Large businesses with a pay bill of over £3m have been paying the Apprenticeship Levy since 2017. Some departments may have seen real benefits from investing in apprenticeships and have lots of positive success stories. But it isn’t always easy to communicate those benefits to senior leaders or to departments that aren’t using apprenticeships. 
 
A great way to raise the profile of apprenticeships and ensure you are getting value for money is to measure your Return on Investment or ROI. 
For example, investing in your staff and their training makes them more likely to stay with your business. This is a key issue for many Boards at the moment in the context of ‘The Great Resignation’. You can demonstrate that you are tackling this problem through your investment in apprenticeships. 
 
The areas you choose to focus on will depend on the objectives of your programmes. Employers can measure their financial Return on Investment across 3 broad areas: 
 
Employee retention 
Employee progression and succession planning 
Productivity 
 
You may also want to track softer measures, such as Employee Engagement. 
 
How to Measure your Return on Investment 
 
1. First collect your baseline date. 
 
a. For Employee retention this would be your turnover rate in the relevant roles 
 
b. For Employee progression and succession planning, you could capture the ratio of internal to external hires in the roles your apprentices are looking to progress to 
 
c. Productivity measures will vary greatly across different roles. For Sales Assistants in Retail a baseline measure could be Revenue per week. For a Procurement team you could measure the number of employees needed to manage £1m of spend. 
 
2. Periodically measure again. We recommend you collect data again at the midway point, at programme completion, and 1 year after completion. 
 
3. Convert the change into cash terms.
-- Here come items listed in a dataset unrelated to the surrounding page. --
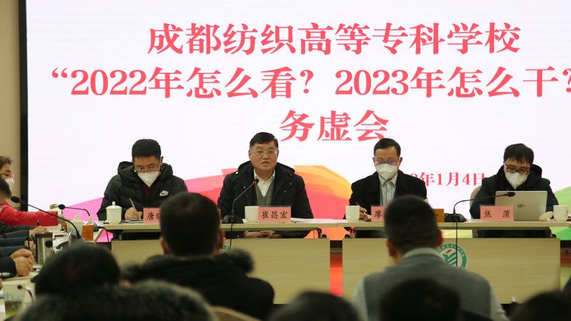 蔡玉波表示,2023年是落实执行年,重点是要抓好对中央、省委、省委教育工委部署要求的落实。学校将重点抓好“四个一”“两个重点”“三支队伍”。“四个一”即:一个目标,建设职教本科高校;一个中心,贯彻落实中办、国办印发的《关于深化现代职业教育体系建设改革的意见》;一个带头,班子带头,建设政治强、作风硬、讲团结、干实事的党政领导班子;一个引领,以“三心双艺”党建工作品牌建设为引领,推动学校高质量发展。抓好“两个重点”,即贯彻落实国家现代职业教育体系建设改革“14条”,扎实推进产教融合、科教融汇。产教融合要做深、做实、做高。做深,就是要努力做到全培养链融合,把企业的新技术、新工艺、新流程写到教材里培养人才;做实,就是要按“厂中校、校中厂”模式,实实在在地规划好建设好邛崃产教园区,引企入校,在校内就能培养学生动手能力,解决实习实训问题;做高,就是要与头部企业合作。做好科教融汇,就要推进有组织科研,采取“纺专+”模式,如纺专+企业、纺专+高校、纺专+团队、纺专+科研院所等,按照“大平台、大团队、大项目、大成果”的思路去做,积极参与行业企业技术改造、科技研发。建强“三支队伍”,培养打造一批教学名家、科技专家、管理行家,支撑和推动学校高质量发展。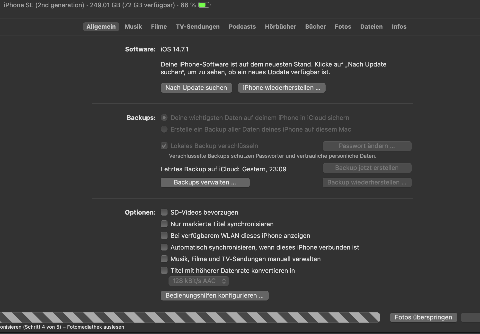 Das Finder-Fenster mit der Ansage "Schritt X-1 von x, Fotomediathek auslesen"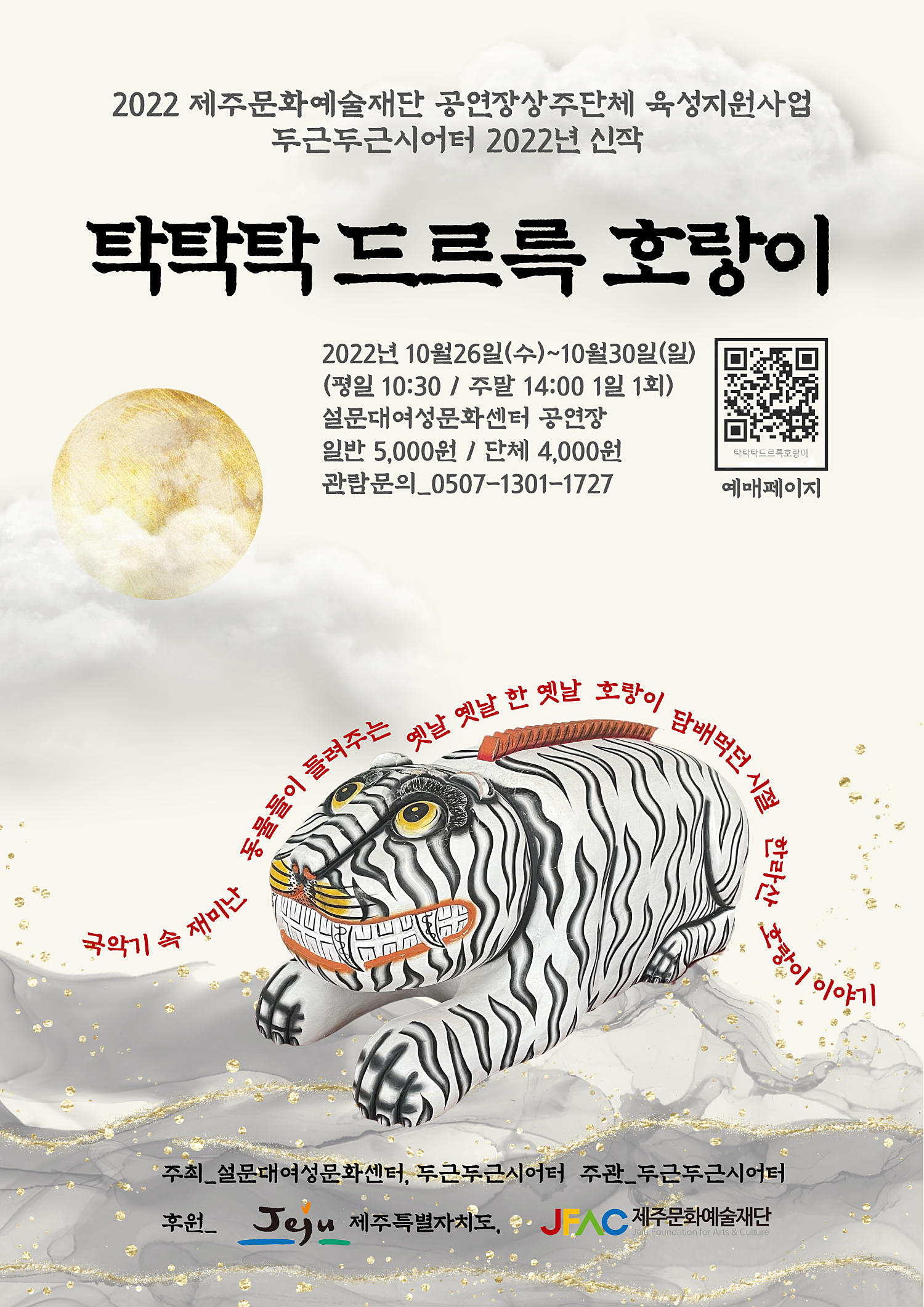 우리나라 옛날 이야기 속에는 유난히 호랑이가 많이 등장합니다. 우리 선조들은 호랑이를 두려워하기도 하고 깊이 사랑하기도 했지요. 이야기에도 민화에도 전설과 속담에도, 아! 단군신화까지.... 정말 많은 호랑이가 등장합니다. 우리 고유의 악기들도 예외는 아니어서 호랑이들이 받치고 있는 악기들이 꽤 많답니다. 국악기 속 익살스런 호랑이들이 벌떡 일어나 자기들이 알고 있는 호랑이 이야기를 들려주면 어떨까? 하는 엉뚱한 상상에서부터 이 작품은 시작되었습니다. 우리 호랑이 이야기. 두근두근시어터 특유의 종이인형과 아름다운 국악선율과 멋진 연기가 어우러진 가족극 '탁탁탁 드르륵 호랑이'에 여러분을 초대합니다.

For example, an improvement in retention directly reduces recruitment and training costs. 
 
4. The Return on Investment (ROI) is then calculated by assigning all the relevant costs to the programme. This includes money spent from the levy, and internal costs incurred that are over and above what you normally spend on this team, such as programme management or additional mentoring. 
 
ROI = Net Return on Investment (Cash Benefits) / Total Cost (Cash Invested) x 100% 
 
5. Don’t forget you may also want to capture soft benefits, that align with your corporate strategy. For example, employee morale, as evidenced by surveys, or increasing social mobility. 
 
6. Communicate the benefits. Your Board will appreciate seeing the benefit of apprenticeships in pounds and pence, and it might encourage new departments to utilise the levy budget. 
 
7. Refine your programme. Through this process you might identify ways to improve your apprenticeship offer or notice gaps that aren’t being served. For example, you may find that other departments are lagging behind on Employee Retention and could benefit from additional development opportunities. This exercise should provide focus to your apprenticeship strategy and ensure that your apprenticeships provide value to the business. 
 
Don’t forget that the apprenticeship levy has been in place since 2017. Therefore, many large employers now have 3-5 years of experience in using the levy. You may have the data available now to look back retrospectively on the value that you have created through apprenticeships.